→ **TASK**: As the answer, set down the lines below from the one containing "在检测点里里外外跑了一上午,许艾芳刚坐下" through the one containing "Which, luckily, I", exactly and inclusively, and no others.

→ **INPUT MATERIAL**:
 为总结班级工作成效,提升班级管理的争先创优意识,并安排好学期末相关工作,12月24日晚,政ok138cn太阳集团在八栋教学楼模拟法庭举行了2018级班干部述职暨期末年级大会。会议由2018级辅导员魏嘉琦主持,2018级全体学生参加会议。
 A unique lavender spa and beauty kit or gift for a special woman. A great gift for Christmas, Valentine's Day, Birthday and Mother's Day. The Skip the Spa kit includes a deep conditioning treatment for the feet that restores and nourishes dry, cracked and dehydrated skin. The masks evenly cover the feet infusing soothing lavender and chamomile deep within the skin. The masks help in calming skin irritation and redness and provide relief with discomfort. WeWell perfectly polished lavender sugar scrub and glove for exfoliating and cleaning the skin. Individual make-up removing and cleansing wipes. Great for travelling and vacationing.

---

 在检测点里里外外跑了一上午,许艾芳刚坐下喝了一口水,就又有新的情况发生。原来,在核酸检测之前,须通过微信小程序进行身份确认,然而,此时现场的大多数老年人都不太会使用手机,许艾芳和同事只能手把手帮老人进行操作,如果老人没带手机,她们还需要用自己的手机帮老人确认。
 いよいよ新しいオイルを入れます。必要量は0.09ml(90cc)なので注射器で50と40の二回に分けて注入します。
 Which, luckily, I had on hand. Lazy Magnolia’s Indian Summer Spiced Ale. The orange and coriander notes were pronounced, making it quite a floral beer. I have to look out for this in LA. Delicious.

→ **EXERCISE RESULT**:
 在检测点里里外外跑了一上午,许艾芳刚坐下喝了一口水,就又有新的情况发生。原来,在核酸检测之前,须通过微信小程序进行身份确认,然而,此时现场的大多数老年人都不太会使用手机,许艾芳和同事只能手把手帮老人进行操作,如果老人没带手机,她们还需要用自己的手机帮老人确认。
 いよいよ新しいオイルを入れます。必要量は0.09ml(90cc)なので注射器で50と40の二回に分けて注入します。
 Which, luckily, I had on hand. Lazy Magnolia’s Indian Summer Spiced Ale. The orange and coriander notes were pronounced, making it quite a floral beer. I have to look out for this in LA. Delicious.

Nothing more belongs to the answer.